YOUR INSTRUCTIONS — Restate verbatim the span of lines below between the line with "A propósito de" and the line with "冠通期货-养殖产业链日报:震荡偏强-251226", including those two lines, and only that span.
*** Opening DATA IN THIS EXERCISE ***
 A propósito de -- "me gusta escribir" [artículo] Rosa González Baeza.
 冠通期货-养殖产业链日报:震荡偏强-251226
*** Closing DATA IN THIS EXERCISE ***
*** Opening DATA IN THIS EXERCISE ***
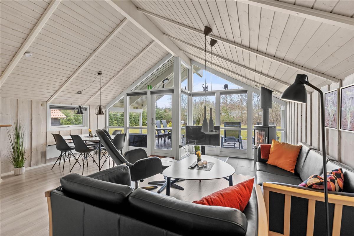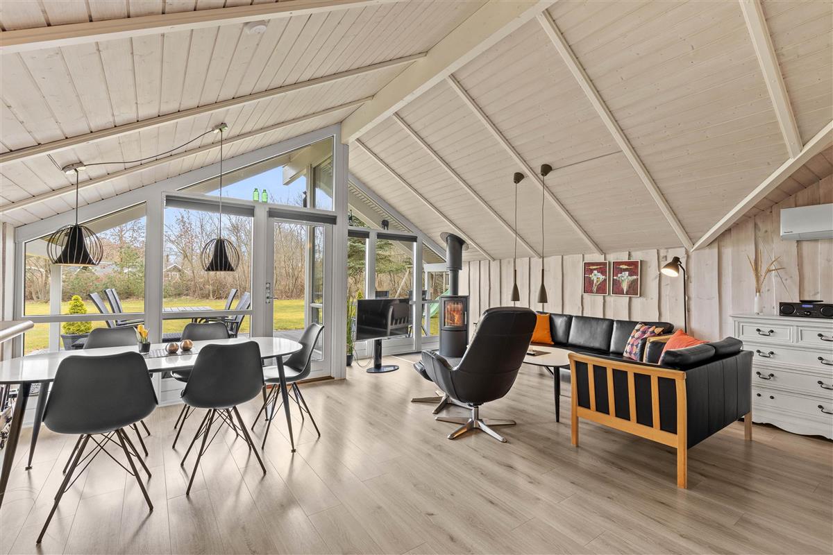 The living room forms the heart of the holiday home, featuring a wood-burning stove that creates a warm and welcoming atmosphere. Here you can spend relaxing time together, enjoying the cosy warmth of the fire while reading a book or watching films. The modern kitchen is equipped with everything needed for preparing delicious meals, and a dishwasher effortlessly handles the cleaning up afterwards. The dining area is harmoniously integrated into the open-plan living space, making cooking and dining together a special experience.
*** Closing DATA IN THIS EXERCISE ***
RESPONSE BELOW —
 A propósito de -- "me gusta escribir" [artículo] Rosa González Baeza.
 冠通期货-养殖产业链日报:震荡偏强-251226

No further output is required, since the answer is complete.